《用Python写网络爬虫》读书笔记

发表于 2017-01-16 更新于 2020-11-03 分类于技术阅读次数：本文字数： 2.6k 阅读时长 ≈ 10 分钟

学习《用Python写网络爬虫》，为了加深记忆，边读边做笔记。如有侵权，立即删除。

网络爬虫简介

背景调研

识别网站所用技术

使用builtwith模块，可以检查网站构建的技术类型。安装方法如下：

1	pip install builtwith

该模块将URL作为参数，下载该URL并对其进行分析，然后返回该网站使用的技术。下面是使用该模块的一个例子。

1 2	>>> import builtwith >>> builtwith.parse('http://example.webscraping.com')

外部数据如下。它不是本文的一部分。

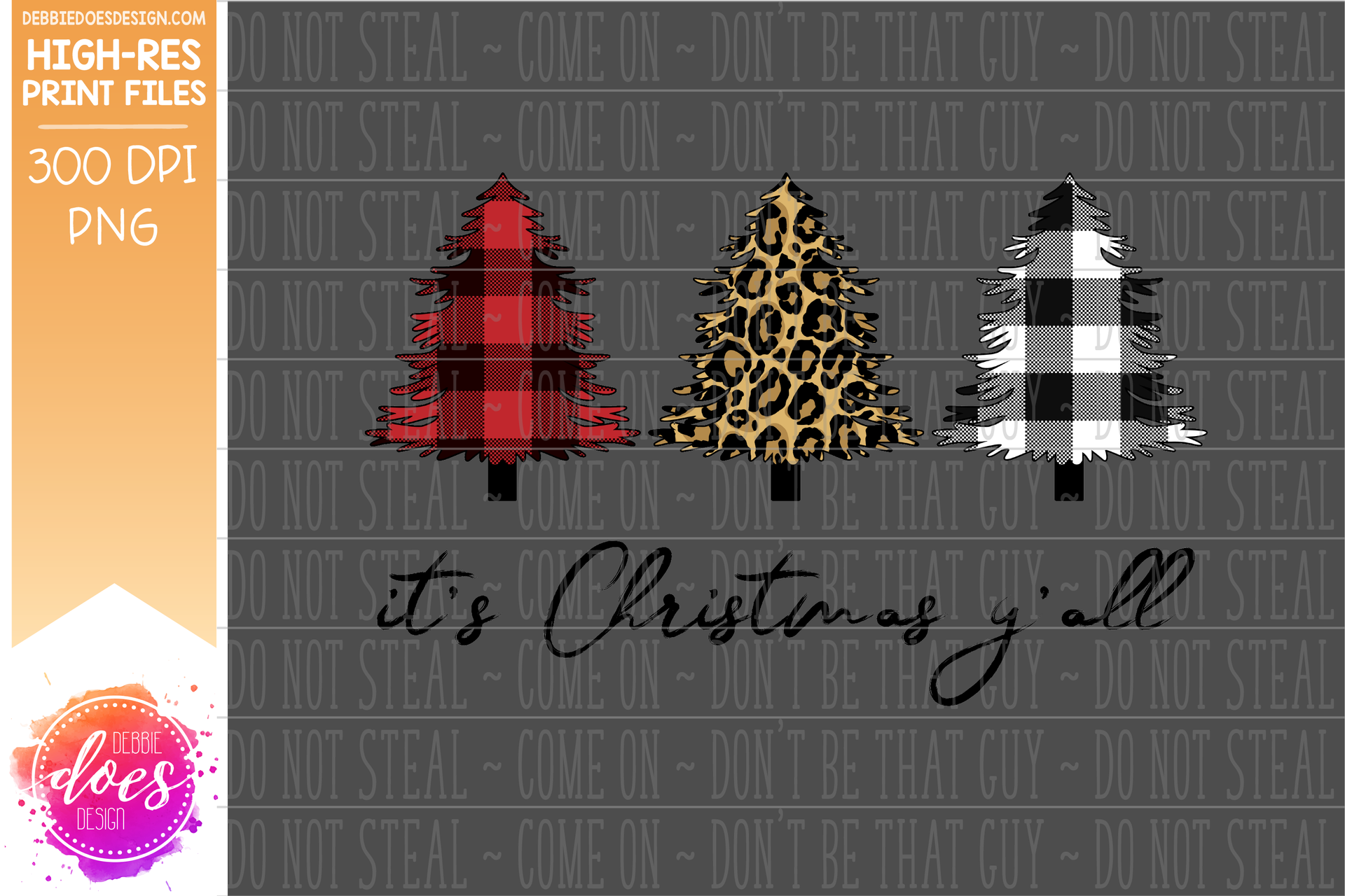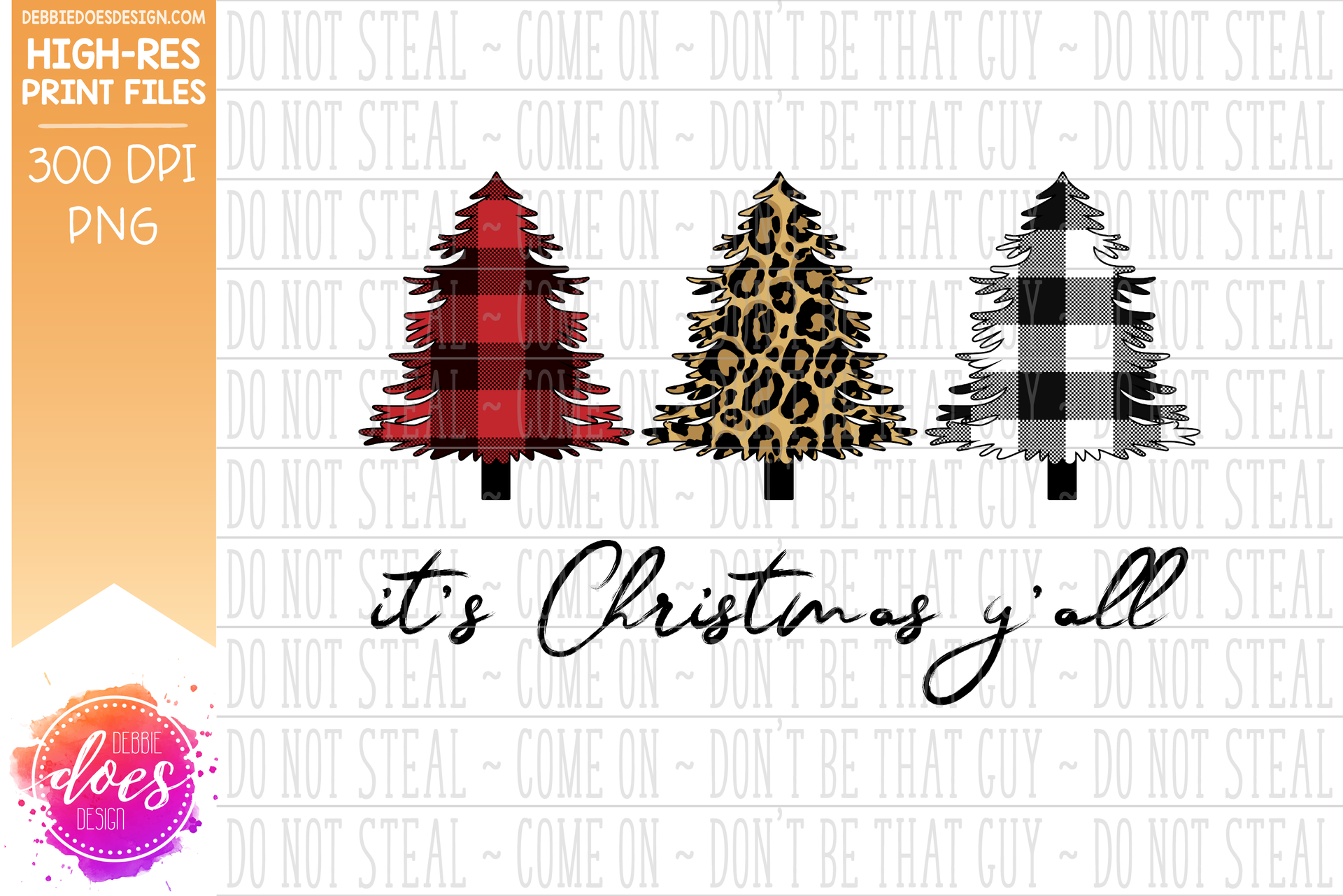 It's Christmas Y'all - Plaid Leopard Christmas Trees - Sublimation/Printable Design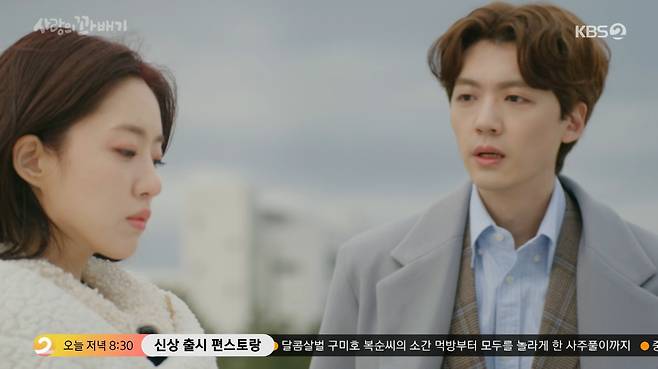 14일 오후 방송된 KBS 2TV 일일드라마 '사랑의 꽈배기'에서는 오소리(함은정 분)이 조경준(장세현 분)에게 결혼을 제안했다.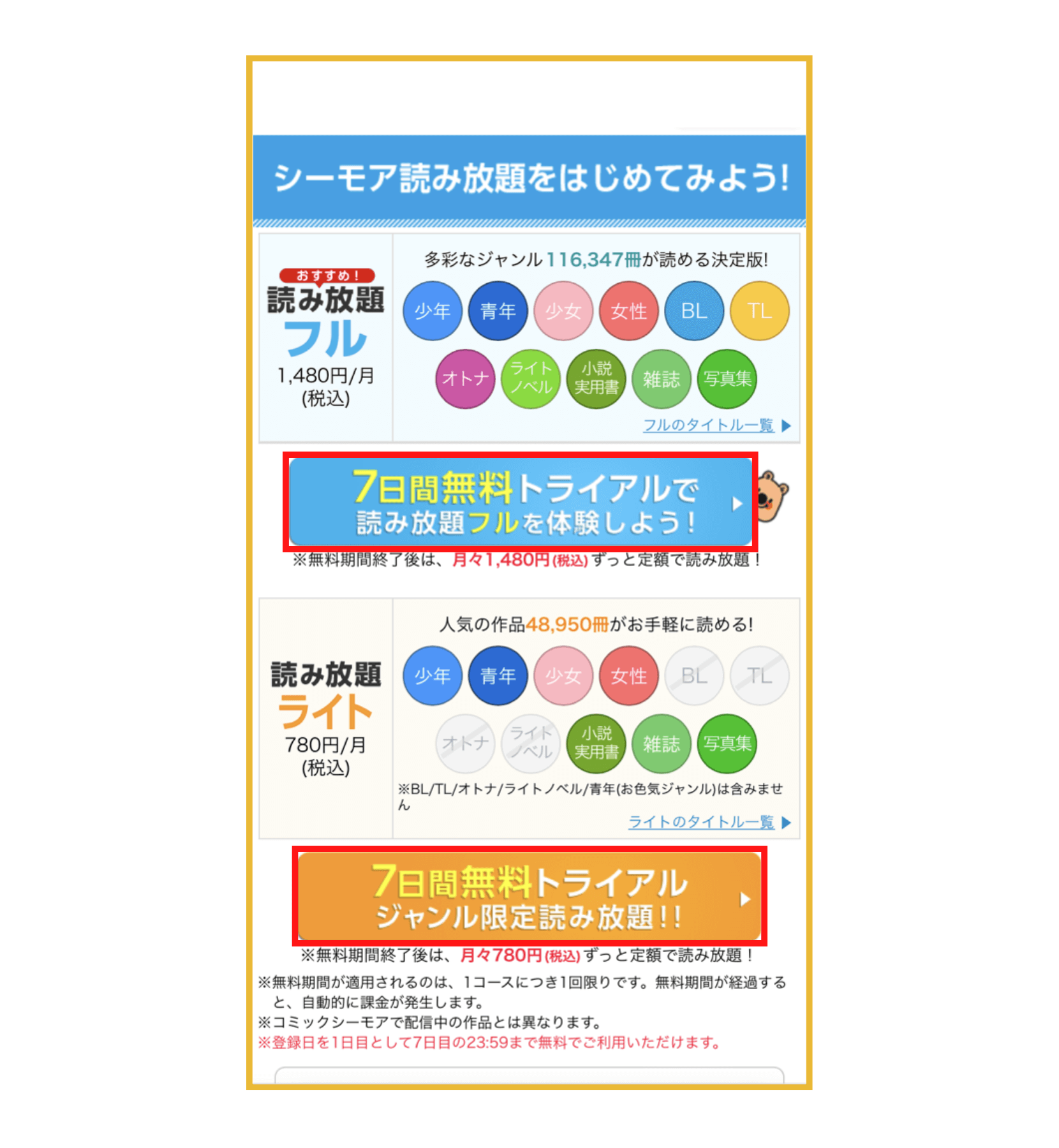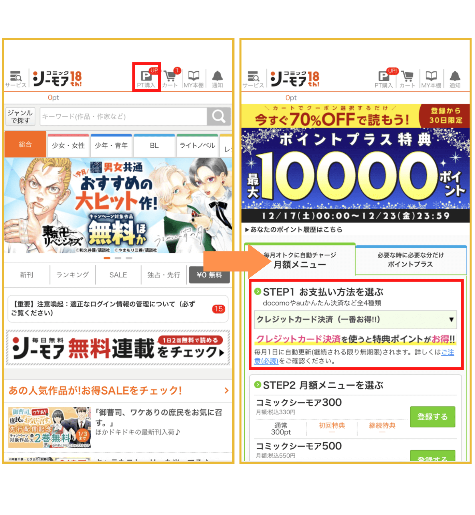 シーモア読み放題コースの登録方法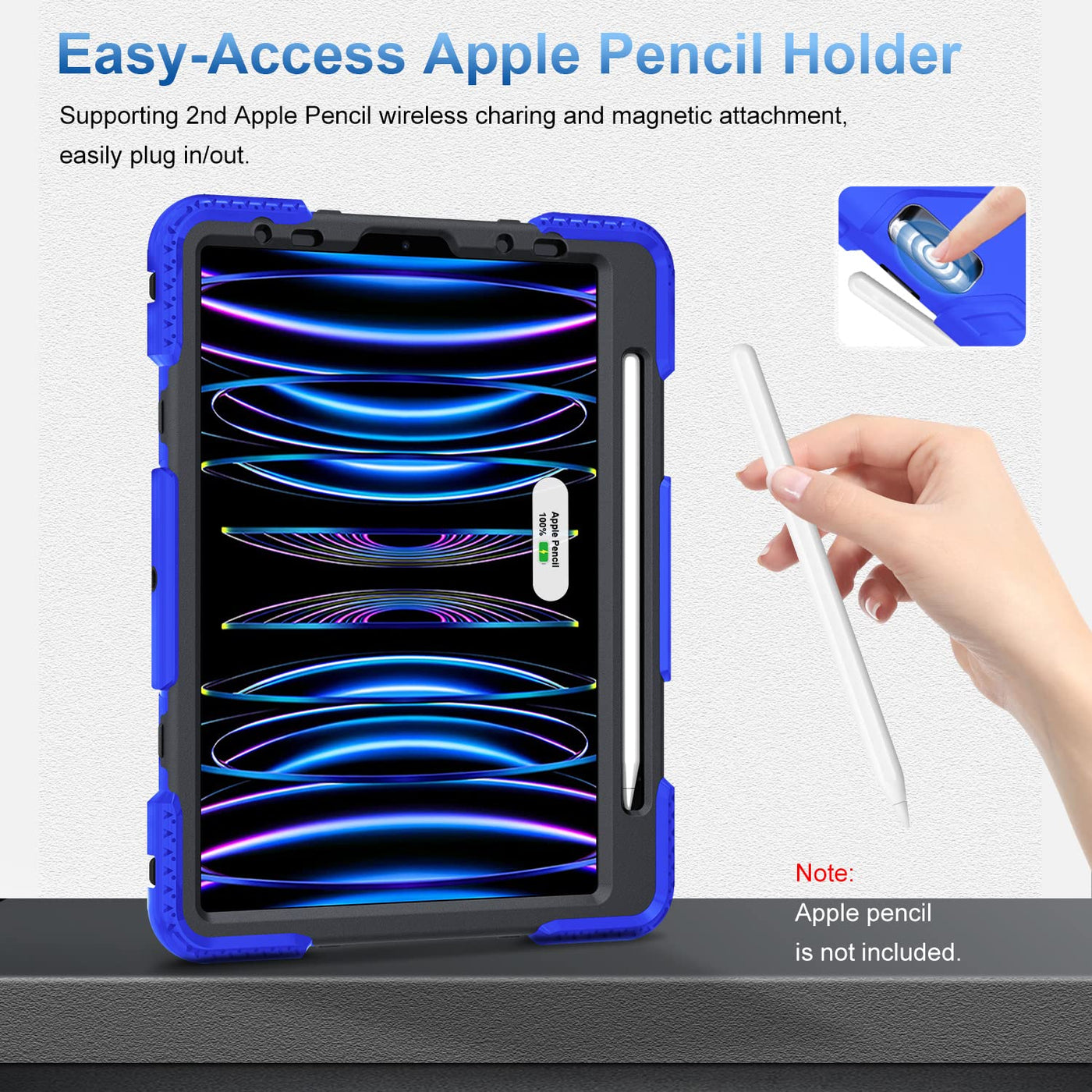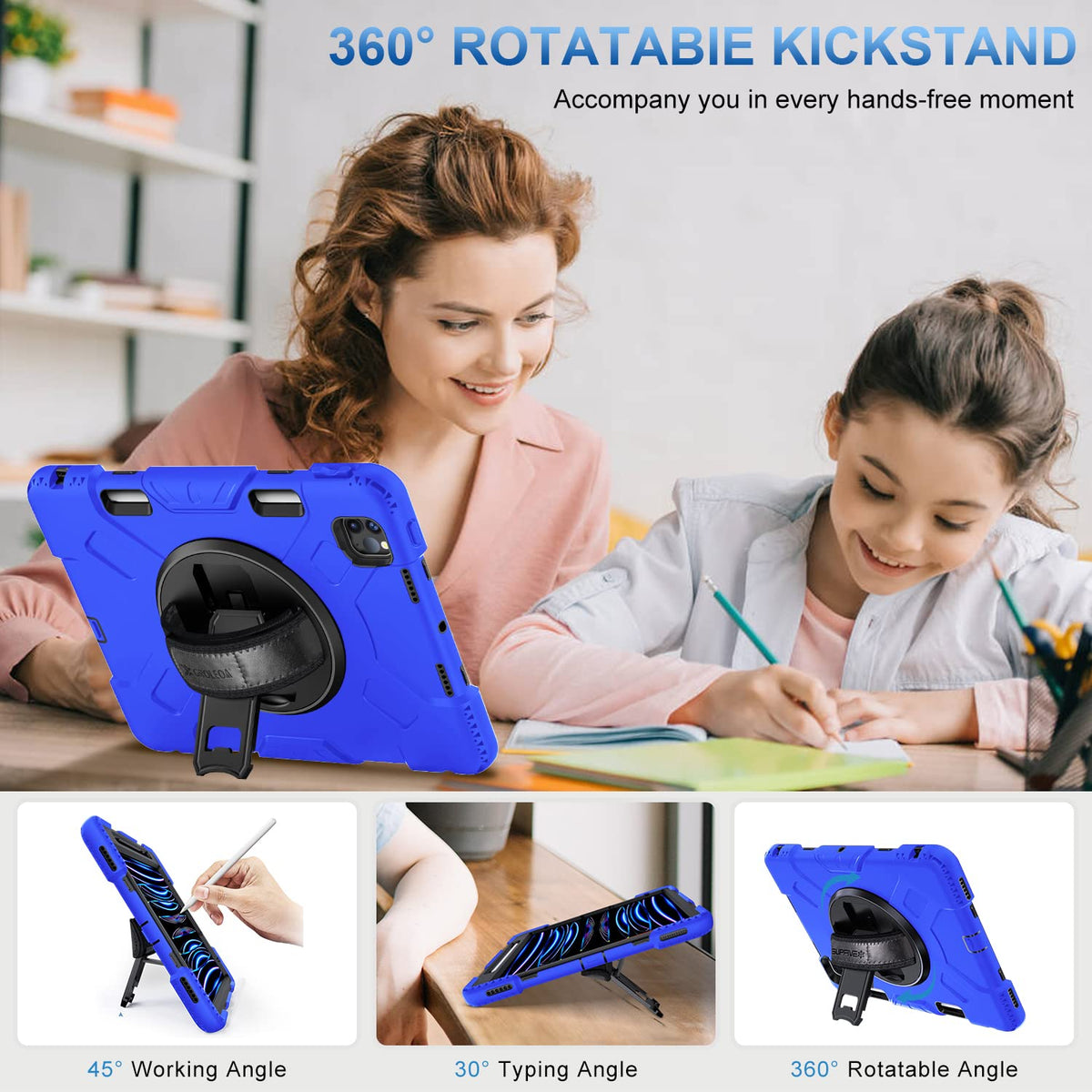 Compatible With Ipad Pro 11 Case 2022 4Th Generation (Model Number: A2759/A2435/A2761/A2762) Ipad Pro 11 Case 2021 3Rd Generation (Model Number: A2316/A2324/A2325/A2072), Ipad 11 2020 Released 2Nd Generation And Ipad 11 Inch 2018 Released 1St Generation . 2. Build In Apple Pencil Holder Supports 2Nd Generation Apple Pencil Magnetically Charging And Pairing Without Removing The Case. 3. Portable Shoulder Strap Keeps Your Tablet Secure And Accessible At All Times. The Perfect Solution For Sports Fans, Concert Goers, Teachers, Students, Hikers, Seniors, Travelers Or Any Others. 4. Adjustable Self Adhesive Handheld Holster Designed With Anti-Slip Matte Surface Offers A Comfortable Secure Grip, Fitting Any Hand Size. 5. Premium Shockproof Design Combines A Hard Pc Front Cover, Polycarbonate Inner Shell And Flexible Silicone Frame Skin And Provides Great Protection For Daily Use. 6. Rotating Built-In Stands Make The Ipad Stand Securely At Different Angles On A Table. Free Your Hands. 7. Precise Cutouts Design Allow Full Access To All Features, Buttons, Speakers, Cameras. 8. The Dust Caps Keep Out The Dust And Debris.&Nbsp; 9.&Nbsp;The Raised Edges Can Protect Both The Camera And Screen. 10. Your Satisfaction Is Our Mission. If You Need Help, Please Let Us Know.

### 寻找网站的所有者我们可以使用WHOIS协议查询域名的注册者是是谁。Python中有一个针对该协议的封装库，通过pig安装：

1	pip install python-whois

使用该模块对appspot.com这个域名进行WHOIS查询。

1 2	>>> import whois >>> print whois.whois('appspot.com')

## 编写第一个网络爬虫 ### 下载网页要想爬取网页，我们首先要将其下载下来。使用Python的urllib2模块下载URL。当下载网页时，我们可能会遇到一些无法控制的错误，比如请求的页面可能不存在。此时，urllib2会抛出异常，然后退出脚本。安全起见，可以捕获这些异常。

#!/usr/bin/python
# -*- coding: UTF-8 -*-

import urllib2

def download(url):
    print 'Downloading:', url
    try:
        html = urllib2.urlopen(url).read()
    except urllib2.URLError as e:
        print 'Download error:',e.reason
        html = None
    return html

现在，当出现下载错误时，该函数能够捕获到异常，然后返回None。

重试下载

下载时遇到的错误经常是临时性的，比如服务器过载时返回的503 Service Unavailable错误。对于此类错误，我们可以尝试重新下载，因为这个服务器问题现在可能已经解决。不过，我们不需要对所有错误都尝试重新下载。如果服务器返回的是404 Not Found这种错误，则说明该网页目前并不存在，再次尝试同样的请求一般也不会出现不同的结果。所以，我们只需要确保download函数在发生5xx错误时重试下载即可。下面是支持重试下载功能的新版本代码。

#!/usr/bin/python
# -*- coding: UTF-8 -*-

import urllib2

def download(url, num_retries=2):
    print 'Downloading:', url
    try:
        html = urllib2.urlopen(url).read()
    except urllib2.URLError as e:
        print 'Download error:', e.reason
        html = None
        if num_retries > 0:
            if hasattr(e, 'code') and 500 <= e.code < 600:
                # recursively retry 5xx HTTP errors
                return download(url, num_retries-1)
    return html

现在，当download函数遇到5xx错误码时，将会递归调用函数自身进行重试。此外，该函数还增加了一个参数，用于设定重试下载的次数，其默认值为两次。我们在这里限制网页下载的尝试次数，是因为服务器错误可能暂时还没有解决。可以通过下载http://httpstat.us/500 ，该网址始终返回500错误，测试该函数。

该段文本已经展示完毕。